··· Given information

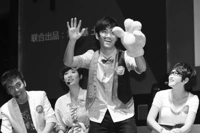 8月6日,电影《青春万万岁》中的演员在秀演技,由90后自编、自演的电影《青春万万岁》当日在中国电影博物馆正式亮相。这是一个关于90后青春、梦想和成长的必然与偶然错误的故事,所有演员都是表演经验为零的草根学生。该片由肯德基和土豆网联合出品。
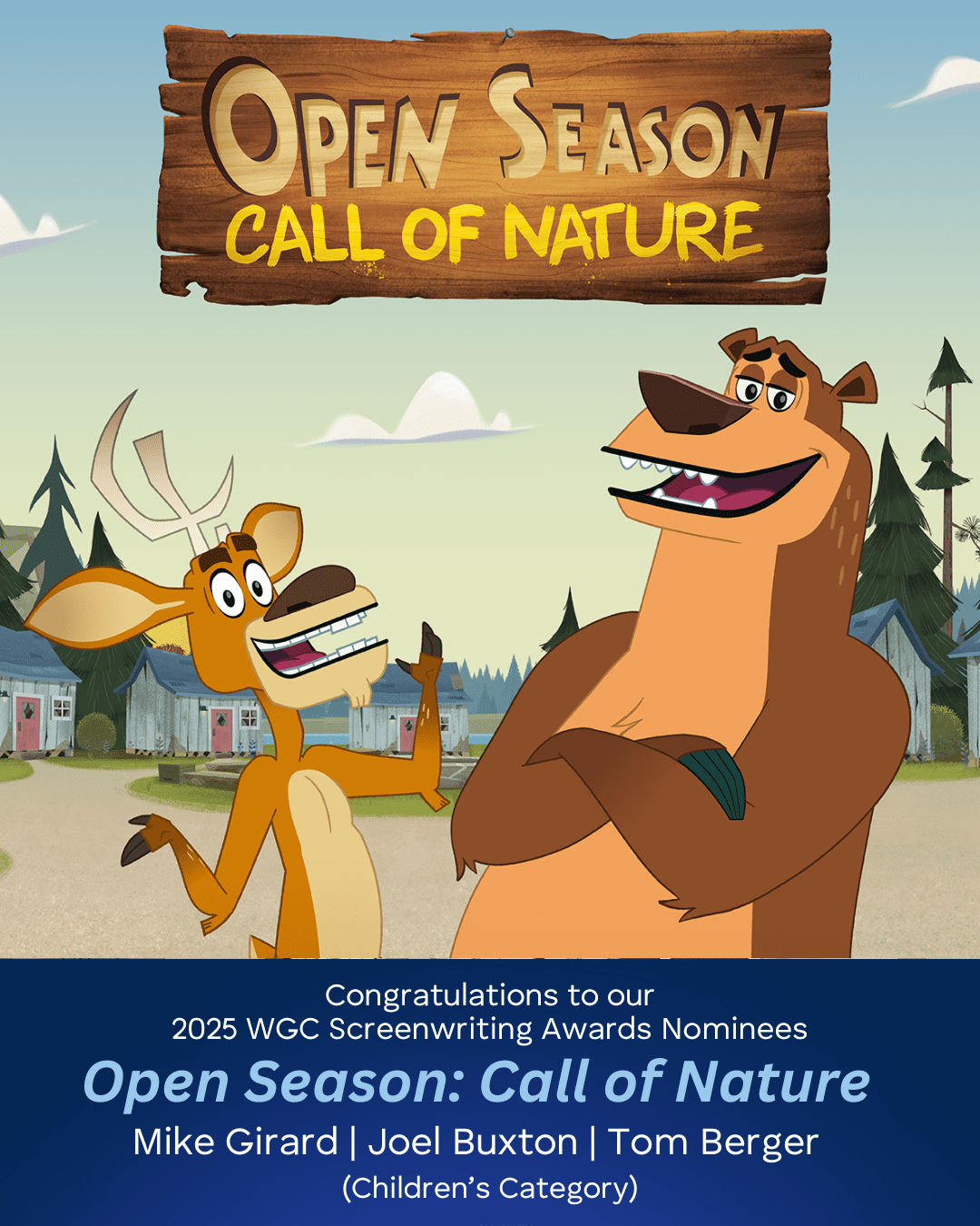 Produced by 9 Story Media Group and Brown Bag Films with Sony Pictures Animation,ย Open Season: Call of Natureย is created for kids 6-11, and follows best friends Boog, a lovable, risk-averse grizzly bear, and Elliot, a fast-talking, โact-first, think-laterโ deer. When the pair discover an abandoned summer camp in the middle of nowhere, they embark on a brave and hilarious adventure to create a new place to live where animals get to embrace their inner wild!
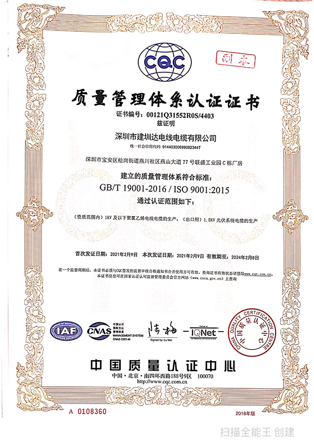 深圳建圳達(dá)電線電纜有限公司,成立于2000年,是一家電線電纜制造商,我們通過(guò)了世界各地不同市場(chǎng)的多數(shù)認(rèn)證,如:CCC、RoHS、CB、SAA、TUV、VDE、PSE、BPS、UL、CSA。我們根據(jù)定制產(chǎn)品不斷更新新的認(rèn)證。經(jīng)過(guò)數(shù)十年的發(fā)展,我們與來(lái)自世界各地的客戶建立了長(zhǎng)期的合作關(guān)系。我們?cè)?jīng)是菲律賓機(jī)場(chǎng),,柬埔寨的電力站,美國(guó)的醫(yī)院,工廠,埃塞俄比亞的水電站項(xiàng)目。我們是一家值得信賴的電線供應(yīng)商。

······

Activity: Exclude the pictures. Write out the remaining data exactly.

Result of this exercise:
 8月6日,电影《青春万万岁》中的演员在秀演技,由90后自编、自演的电影《青春万万岁》当日在中国电影博物馆正式亮相。这是一个关于90后青春、梦想和成长的必然与偶然错误的故事,所有演员都是表演经验为零的草根学生。该片由肯德基和土豆网联合出品。
 Produced by 9 Story Media Group and Brown Bag Films with Sony Pictures Animation,ย Open Season: Call of Natureย is created for kids 6-11, and follows best friends Boog, a lovable, risk-averse grizzly bear, and Elliot, a fast-talking, โact-first, think-laterโ deer. When the pair discover an abandoned summer camp in the middle of nowhere, they embark on a brave and hilarious adventure to create a new place to live where animals get to embrace their inner wild!
 深圳建圳達(dá)電線電纜有限公司,成立于2000年,是一家電線電纜制造商,我們通過(guò)了世界各地不同市場(chǎng)的多數(shù)認(rèn)證,如:CCC、RoHS、CB、SAA、TUV、VDE、PSE、BPS、UL、CSA。我們根據(jù)定制產(chǎn)品不斷更新新的認(rèn)證。經(jīng)過(guò)數(shù)十年的發(fā)展,我們與來(lái)自世界各地的客戶建立了長(zhǎng)期的合作關(guān)系。我們?cè)?jīng)是菲律賓機(jī)場(chǎng),,柬埔寨的電力站,美國(guó)的醫(yī)院,工廠,埃塞俄比亞的水電站項(xiàng)目。我們是一家值得信賴的電線供應(yīng)商。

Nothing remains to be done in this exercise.